Students attend every day • Students work productively • Students master all of the material • Students produce high quality work • Students understand concepts • Students are very successful • Students like Math, have fun • Teacher gets some real satisfaction Math Teacher Heaven ? • Why not?!
So many questions... • Why do kids skip class? • Why don’t kids stay on task in class? • Why don’t kids hand in high-quality work? • Why don’t kids hand in work at all? • Why do kids fail tests? • Why do kids fail the course? • Why do kids who pass settle for 49.6%? • How can one lesson be “right” for every student? • Why can’t I do a better Job?
CHALLENGES (For Teachers) • Teachers must be exceptionally organized. Have spreadsheets or customized forms for recording homework, tests, retests for each LG. All tests and retests must be readily accessible for students who have signed up for tests. • Teacher workload can be an issue. Marking is coming in on a daily basis. Written feedback on the quality of student homework is time consuming but valuable to the student. Quick turnaround is essential for the success of the program.
CHALLENGES (For Students) • Flex is more work for the student. Mastery learning requires more effort but this will pay off in the next level of math. • Flex programs put more emphasis on reading skills. Students who are poor readers may have difficulty. • Flex classes tend to be a bit noisier and less structured. Students who are easily distracted may find it a poor environment for their style of learning.
CHALLENGES (For Admin.) • Creating a timetable to accommodate flex can be a challenge. Not all students complete the course at semester end. Flex courses should be offered in both semesters for the seamless flow of continuous learning. • Class size issues may sometimes be a concern because the number of students “flowing over” into the next semester is unpredictable.

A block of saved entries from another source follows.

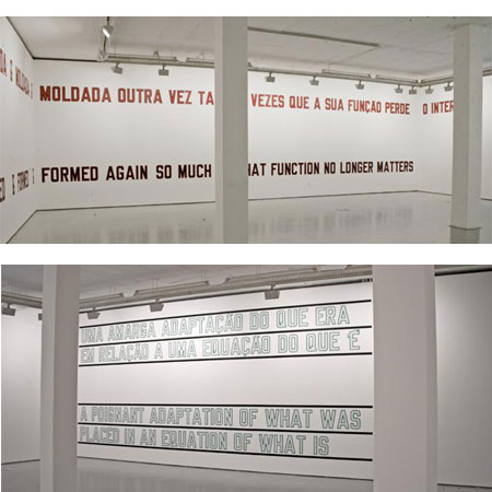 | LAWRENCE WEINER �POIGNANT ADAPTATION� Opening 18 March | 22h 19 March to 17 April �In the triangle formed by the author, the work and the public, the latter is not in any way a passive element which would only have a chain reaction, but rather a source of energy that contributes towards making the story itself. The life of the work in history cannot be considered without the participation of those to whom it is aimed�. Hans Robert Jauss The Reader Given the objectivity of Lawrence Weiner�s work, it becomes redundant to reflect upon anything beyond that which is presented to us. In a certain manner this artist has left us longing for to a �light at the end of the tunnel�, something that might help to settle his work within a fixed, easily understandable category. However, all of the efforts undertaken lead further and further from the truth, that his works possess. Lawrence Weiner is absolutely simple in his purposes and in his procedures. Trying to complexify his work takes it away from its aim as Art. In fact, the works he carries out, in a clear concern for materiality, are veritable sculptures in the sense of being objects ready to undergo the processes inherent to any artistic performing. And it is hoped that they will be seen in this way: as materials set out as open to free reception. And it is the reception of the work, rather than its production, that will concern us here. As the critic, as Jauss states, is necessarily a reader before being able to locate or understand the work, or to fundament his own judgement on awareness of its situation. Thus this text will not deal with the artist�s modus operandi (which in fact does not exist) or the formal analysis of the work of art, but instead revolves around an element that is almost always set to one side but the leading role of which is of great importance to us. We are speaking about the spectator, and as this is a matter of works using words, about the reader.2 In Weiner it is not a matter of using metaphors or phrases that intend to create ambiguities, multiple meanings or complex hermetic interpretations, but of demonstrating, through the permeability of language as a medium, how each work of art is the fruit of enormous freedom. Both for the person who produces it and the person who receives it. The work thus has access to existence through the act of interpreting, indifferent to the author�s intentions but focused on its receiver�s expectations and adaptations. The traditional aesthetics of production and representation is replaced by (or rather fused into) an aesthetics of reception and effects. This is the importance of translation in Weiner�s trajectory: making the texts he uses more understandable and accessible, but also recontextualising them in the right setting and in the concrete conditions of their reception. Just as any translation is betrayal, any adaptation is poignant. His work is formed within the perspective of a veritable dialectic: of the work with culture, of the author with the work, of the author with culture, of the work with its receiver, of the author with its receiver, of the receiver with culture, in a more open and infinite interaction of questions and answers. It is this dialogue that states the relationship of art in its broadest sense and life itself. The social dimension that reinforces the importance of the receiver�s experience is that which states the way that the work intervenes on the expectation horizon of our everyday lives, guiding or modifying our view of the world. This is perhaps a mission that is too demagogical for Art, but through this conclusion we can state that without doubt, like the text itself, the opening and virtual nature of his works, in their interactive and performing dimensions, cause some kind of transformation in the person who receives it. This is the wonder of any experience around a reading: when the text stops having a practical function, now opening up to its more reflective dimension, leaving its public perplexed, and showing that, in Art, the process of perception is an end in itself. 1Jauss, Hans Robert, Literaturgeschichte als Provokation (no translation into English available) 2The importance of this in the works of Weiner was always acknowledged by him from the beginning of his sort of manifesto (we prefer declaration of intent) dated 1968: 1. THE ARTIST MAY CONSTRUCT THE PIECE 2. THE PIECE MAY BE FABRICATED 3. THE PIECE NEED NOT TO BE BUILT EACH BEING EQUAL AND CONSISTENT WITH THE INTENT OF THE ARTIST THE DECISION AS TO CONDITION RESTS WITH THE RECEIVER UPON THE OCCASION OF RECEIVERSHIP | ||||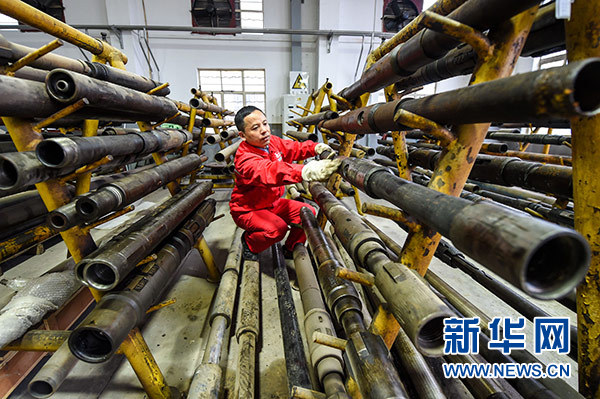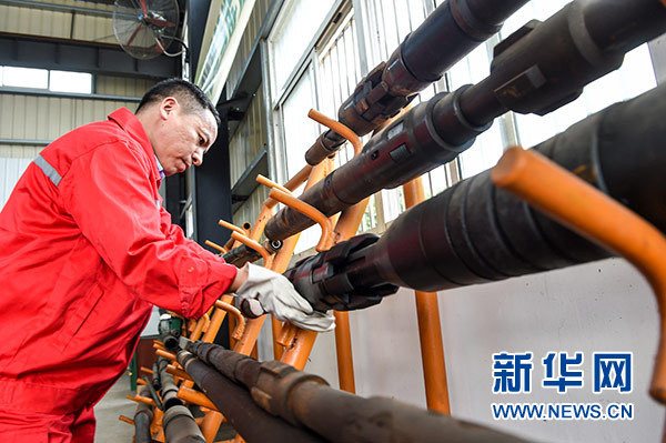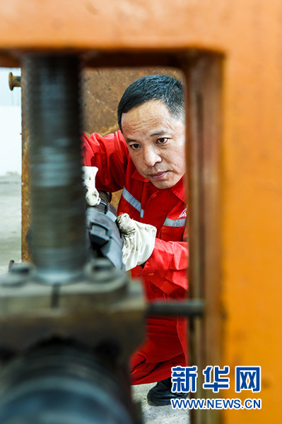 在中國(guó)石化江蘇油田工程技術(shù)服務(wù)中心,田明在檢查設(shè)備(10月9日攝)。新華社記者 李博 攝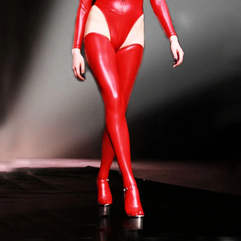 Размера плюс чулки женские из латекса и ПВХ, пикантные чулки высотой до бедра, женские гетры, пикантные колготки, кожаные чулки до колена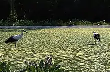 There are also many species of birds, including eurasian eagle-owls, golden pheasants, peacocks, mute swans, rosy pelicans, white stork, and many fowl species.

CHALLENGES (General) • Students new to the program often initially spend enormous amounts of energy trying to find “shortcuts” (cheating, copying answers from book, not showing work, sloppy or incomplete work, avoiding corrections, or, in short, avoiding the required effort). This greatly adds to teacher workload. • Finding a secure and relatively quiet area of the classroom to administer and monitor tests can be a challenge. A testing centre would be ideal but not many facilities have that luxury.
Roadblocks... • Admin. Misunderstanding: flexMath is a CLASS that needs a consistent dedicated space and teacher and materials, not independent study that students can do in the back of some other class, just to give them a place to sit.

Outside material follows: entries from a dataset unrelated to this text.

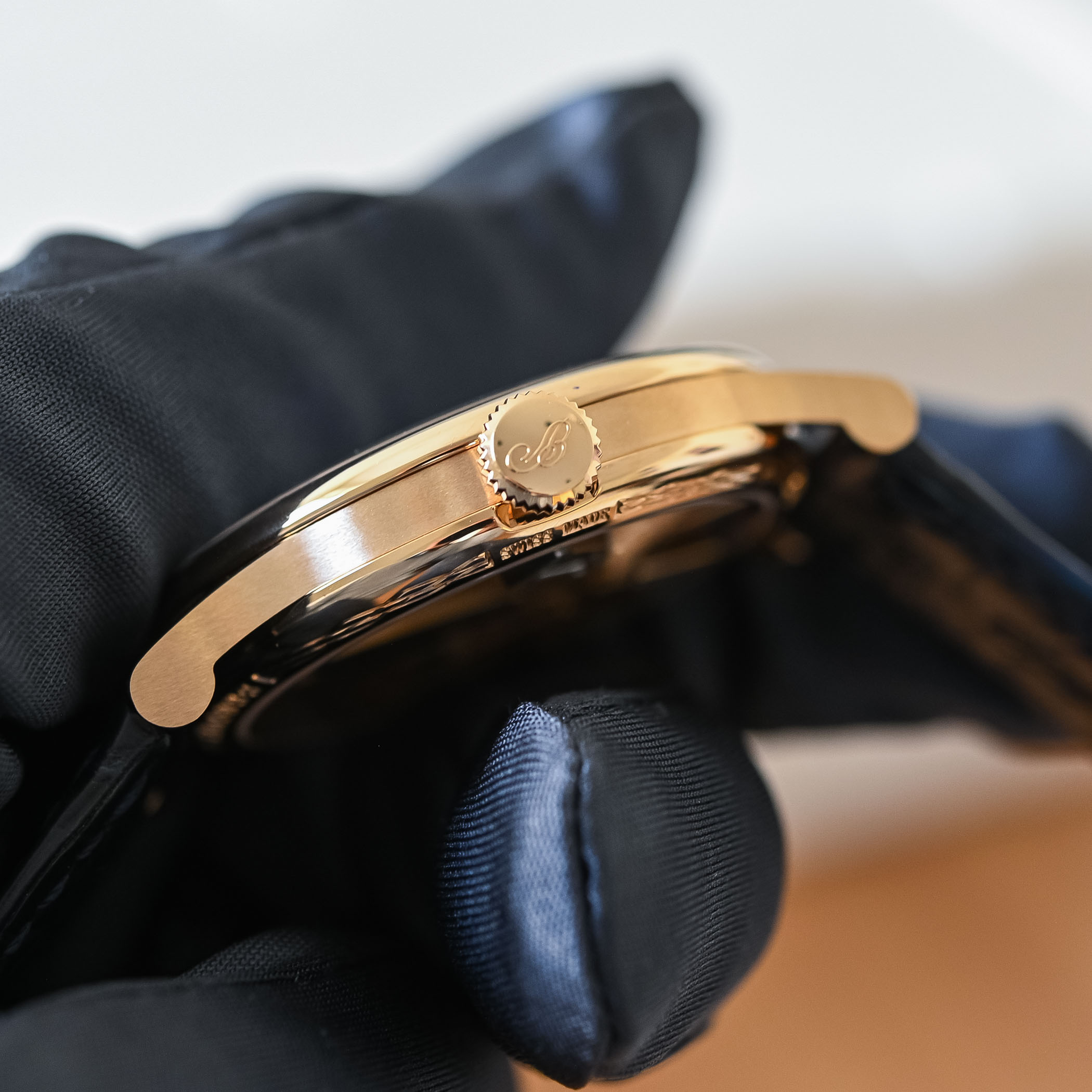 Instead, the case of the Classique Souscription has a more traditional 3-part construction with lugs integrated within the middle case, the latter being satin-brushed on the flanks, with lug tips that end with an almost teardrop shape (there’s a bit of Laurent Ferrier in this smooth style). These, however, offer better ergonomics than the traditional straight lugs, and a better fit on the wrist. A polished domed bezel frames a sapphire crystal with a “chevé” profile – a reference to another innovative style of Breguet, with a crystal that was thinner and less domed than others, with a relatively flat surface and a bevel on the edge. The back brings classic guilloché around the see-through caseback.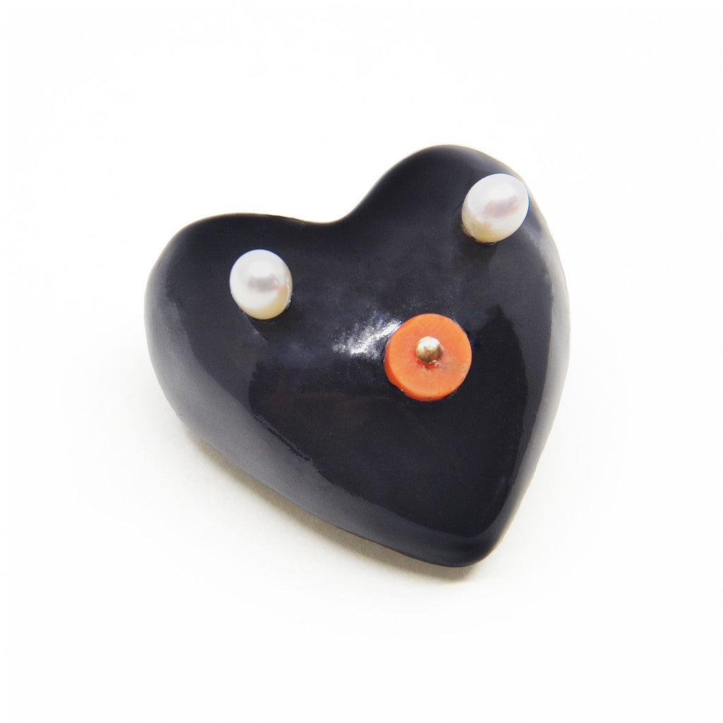 This one-of-a-kind heart shaped pin is handcrafted of porcelain, and glazed in glossy black.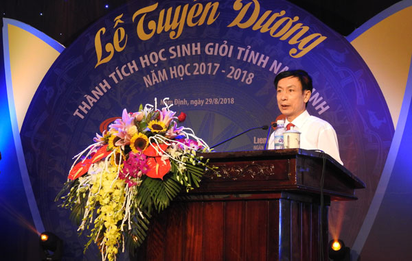 | Ông Phạm Đình Nghị, Chủ tịch UBND tỉnh Nam Định phát biểu tại lễ tuyên dương thành tích học sinh giỏi năm học 2017 - 2018. |

FlexMath lends itself to team-teaching situations with very large groups up to 50 or 60, given adequate space and facilities. Two pairs of eyes and hands and two brains are more than twice as effective.

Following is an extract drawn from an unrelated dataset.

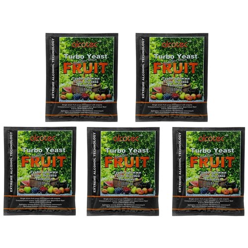 Спиртовые турбо дрожжи для самогона Alcotec Fruit turbo, (5 пачек). Турбо дрожжи для фруктовых браг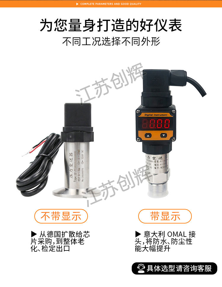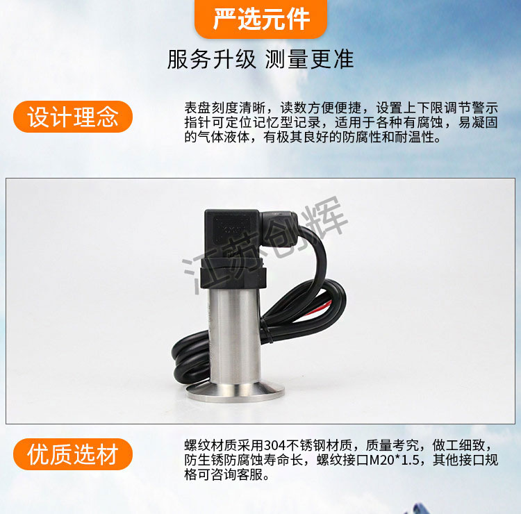 CH-2088W衛(wèi)生隔膜壓力變送器是專門為醫(yī)藥、啤酒、奶倉(cāng)等醫(yī)藥食品領(lǐng)域設(shè)計(jì)的專用型產(chǎn)品,該系列采用E+H**技術(shù),其設(shè)計(jì)完全遵照醫(yī)藥食品行業(yè)的衛(wèi)生級(jí)標(biāo)準(zhǔn)。利用齊平大波紋片使測(cè)量介質(zhì)與壓力傳感器相隔離,其間灌充衛(wèi)生及專用油,可保證在介質(zhì)溫度150℃的高溫下無溫漂的穩(wěn)定工作。客服了目前工業(yè)現(xiàn)場(chǎng)上常用齊平式擴(kuò)散硅或陶瓷電容變送器因傳感器直接接觸介質(zhì),從而在高溫情況下溫漂大,導(dǎo)致超差,尤尤其是滅菌環(huán)境節(jié)時(shí)變送器極容易損壞的弊病。

Our Perspective • We’re retired, we’ve had time to think about this (on the beach) for a few years. • Frustration lingers over never actually getting all systems in place and running right in our school. We knew what we wanted to do, but just couldn’t get all the ducks to line up... • Driven by looking for remedy for unprepared students (low marks in last course) and inadequate time for some students to learn the curriculum. Frustration with not being able to bring capable students to mastery in the time allotted. Pretests in Math11 based on Math9 skills produced scores of 2/20 before we even started.